Exercise objective: Copy the data that appears below exactly. Drop the pictures.

===== Data in this exercise =====

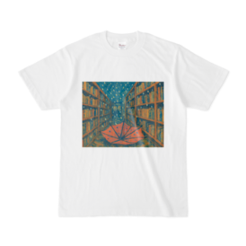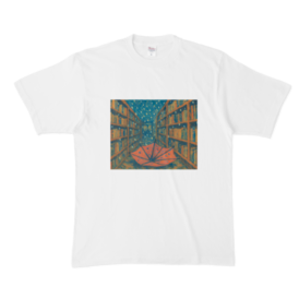 Tシャツ - XL - 白※この商品はpixivFACTORYで作られた商品です。サンプル画像は完成イメージのため、実物と異なる場合があります。 使用しているのは、ChatGPTに以下のプロンプトを入力し、生成された画像になります。 「図書館の中、書棚の間などに雪が降っている情景を、ゴッホ風に描いてください。」 (生成された画像には、一部当方で手が加えられている場合があります。)
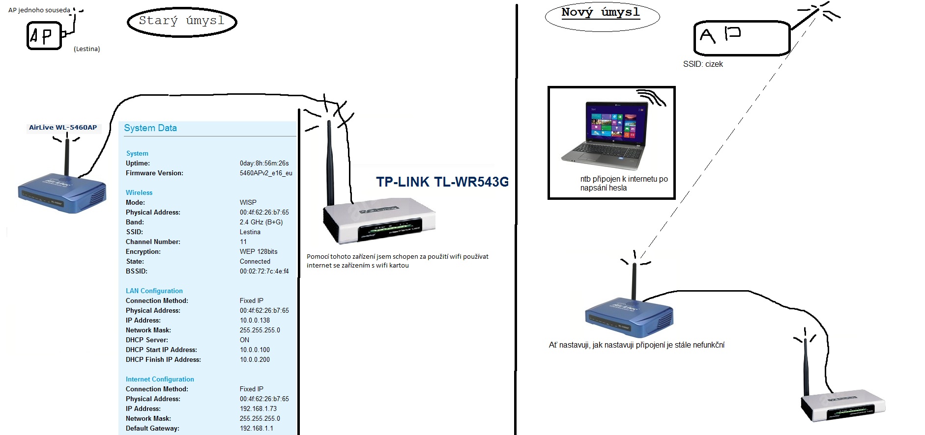 Když k němu příjdu s notebookem, tak se to po zadání hesla normálně připojí, ale když se snažím připojit pomocí wifi krabice na půdě, nastavím režim WISP, vyhledám jeho sít, nastavím režim zabezpečení (WPA2), nastavím heslo dám akceptovat a nic.. Na jiného souseda (zabezpečení "WEP") po zadání hesla vše normálně funguje. Co s tím mám dělat? které informace potřebujete, abyste mi někdo popřípadě pomohl? budu moc vděčný. Půjde to vůbec touhle cestou? Proč na ntb wifi to jde a na krabici ne? DÍKY za pomoc a vysvětlení.
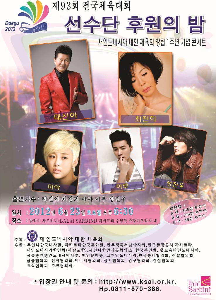 이번 “제93회 전국체육대회 후원의 밤 콘서트”는 재인도네시아 대한체육회 선수단 파견 비용 일부의 조달을 위한 후원 콘서트입니다.
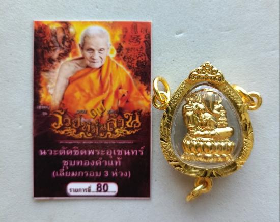 วัดใจเคาะเดียวแดงจ้า พระพิฆเนศตัดชิด หลวงปู่อิ่ม วัดทุ่งนาใหม่ เนื้อนวะชุบทองคำแท้ เลี่ยมกรอบชุบทอง3ห่วง หมายเลข7777 เคาะเดียวแดงจ้า |
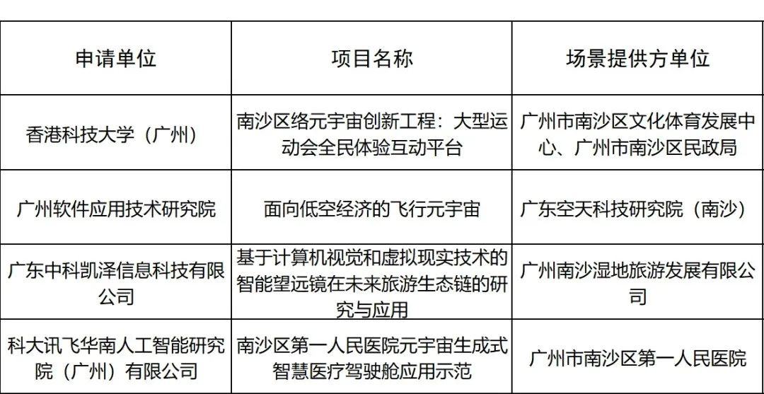 近日,根据《广州市南沙区科技计划项目管理办法》(穗南科规字〔2023〕1号)有关规定,南沙区科学技术局公示2024年南沙区元宇宙技术应用示范项目立项结果(见下图)。

=====

Result:
 Tシャツ - XL - 白※この商品はpixivFACTORYで作られた商品です。サンプル画像は完成イメージのため、実物と異なる場合があります。 使用しているのは、ChatGPTに以下のプロンプトを入力し、生成された画像になります。 「図書館の中、書棚の間などに雪が降っている情景を、ゴッホ風に描いてください。」 (生成された画像には、一部当方で手が加えられている場合があります。)
 Když k němu příjdu s notebookem, tak se to po zadání hesla normálně připojí, ale když se snažím připojit pomocí wifi krabice na půdě, nastavím režim WISP, vyhledám jeho sít, nastavím režim zabezpečení (WPA2), nastavím heslo dám akceptovat a nic.. Na jiného souseda (zabezpečení "WEP") po zadání hesla vše normálně funguje. Co s tím mám dělat? které informace potřebujete, abyste mi někdo popřípadě pomohl? budu moc vděčný. Půjde to vůbec touhle cestou? Proč na ntb wifi to jde a na krabici ne? DÍKY za pomoc a vysvětlení.
 이번 “제93회 전국체육대회 후원의 밤 콘서트”는 재인도네시아 대한체육회 선수단 파견 비용 일부의 조달을 위한 후원 콘서트입니다.
 วัดใจเคาะเดียวแดงจ้า พระพิฆเนศตัดชิด หลวงปู่อิ่ม วัดทุ่งนาใหม่ เนื้อนวะชุบทองคำแท้ เลี่ยมกรอบชุบทอง3ห่วง หมายเลข7777 เคาะเดียวแดงจ้า |
 近日,根据《广州市南沙区科技计划项目管理办法》(穗南科规字〔2023〕1号)有关规定,南沙区科学技术局公示2024年南沙区元宇宙技术应用示范项目立项结果(见下图)。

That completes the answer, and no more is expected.